Patient-centeredness—one of the six dimensions of quality outlined in 2001 by the Institute of Medicine16— originated as a manner of communication with patients characterized by the appreciation of each patient as a unique human being17 with associated communication skills of listening carefully, showing respect, and explaining things clearly18. Patient-centeredness evolved over time to include an organizational model of care which considers patients’ experiences of access, including convenience and easy accessibility of services 19,20.
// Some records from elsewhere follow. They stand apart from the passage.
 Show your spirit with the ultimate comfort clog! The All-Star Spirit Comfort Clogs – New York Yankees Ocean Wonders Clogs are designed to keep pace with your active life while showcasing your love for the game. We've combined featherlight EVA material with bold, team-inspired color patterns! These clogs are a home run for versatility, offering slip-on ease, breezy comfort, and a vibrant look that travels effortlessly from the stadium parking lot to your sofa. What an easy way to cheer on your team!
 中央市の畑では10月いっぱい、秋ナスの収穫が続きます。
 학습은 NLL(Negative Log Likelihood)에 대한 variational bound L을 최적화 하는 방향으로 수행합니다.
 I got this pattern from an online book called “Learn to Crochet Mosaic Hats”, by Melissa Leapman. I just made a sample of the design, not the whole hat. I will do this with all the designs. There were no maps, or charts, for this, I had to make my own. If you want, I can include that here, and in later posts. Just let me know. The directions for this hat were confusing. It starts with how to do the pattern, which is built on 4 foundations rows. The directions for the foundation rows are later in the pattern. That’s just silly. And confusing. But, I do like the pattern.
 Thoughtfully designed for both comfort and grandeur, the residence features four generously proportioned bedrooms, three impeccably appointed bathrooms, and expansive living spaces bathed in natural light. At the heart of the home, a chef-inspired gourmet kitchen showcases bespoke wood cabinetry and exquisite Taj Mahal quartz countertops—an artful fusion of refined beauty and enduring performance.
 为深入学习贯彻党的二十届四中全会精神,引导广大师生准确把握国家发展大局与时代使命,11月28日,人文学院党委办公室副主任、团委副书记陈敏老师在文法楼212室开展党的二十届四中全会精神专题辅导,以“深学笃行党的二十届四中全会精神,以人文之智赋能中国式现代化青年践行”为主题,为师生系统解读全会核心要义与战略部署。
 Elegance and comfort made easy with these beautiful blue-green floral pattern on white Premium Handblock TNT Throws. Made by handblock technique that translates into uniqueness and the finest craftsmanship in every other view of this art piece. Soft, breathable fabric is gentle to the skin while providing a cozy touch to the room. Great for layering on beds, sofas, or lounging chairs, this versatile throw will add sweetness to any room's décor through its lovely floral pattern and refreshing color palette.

Little is known about racial disparities in the patient-centeredness of HIV care. Among patients attending an urban medical center HIV clinic, the patient-centered principles of collaborative decision-making and patients’ feeling “known as a person” were associated with improved antiretroviral adherence and HIV viral suppression21,22. The objective of the current study was to further explore associations between race/ethnicity and two key aspects of patient-centeredness—access to care and patient–provider communication—among HIV-infected patients. Racial/ethnic disparities in patient-centeredness can occur within a site and also among sites. The latter is a site-level effect, which could arise if patients in a particular racial/ethnic group disproportionately use sites that are relatively high (or low) in certain processes of care affecting all patients. We attempt to distinguish within-site and among-site effects in the analyses.



The HIV Research Network (HIVRN) is a consortium of 21 sites that provide primary and subspecialty care to HIV-infected adult and pediatric patients with an average annual enrollment of 16,000 patients23,24. The participating 14 sites treating adult patients are located in the Eastern (6), Midwestern (3), Southern (2), and Western (3) U.S. Seven of the sites have academic affiliations; seven are community-based.

Subject Sample

During 2003, interviews were conducted in a sample of 951 adult (≥18 years old) HIV-infected patients at 14 adult HIVRN sites who volunteered when asked to participate, as described previously2527. Initially, a random sample was drawn from de-identified patient lists at each site. Staff at each site determined the sampled patient’s name and address, and mailed an invitation to participate. We encountered a large proportion of incorrect addresses and a high rate of non-response. Of 5,363 letters of invitation sent, we successfully conducted interviews with 717 patients. We consequently supplemented mail recruitment by approaching patients as they waited for treatment in all but three sites; this yielded interviews with another 234 patients. The current study used data from 915 respondents who reported their race/ethnicity as black, Hispanic, or white. People who reported other race/ethnicity groups were excluded due to small sample sizes.

Data Collection

Face-to-face interviews were conducted between December 2002 and December 2003 by professional interviewers trained and supervised by Battelle Corporation (Columbus, Ohio, USA). The interviews assessed a wide range of HIV and substance abuse related topics. For comparability, interview questions were adapted from the interview developed for the HIV Cost and Services Utilization Study (HCSUS).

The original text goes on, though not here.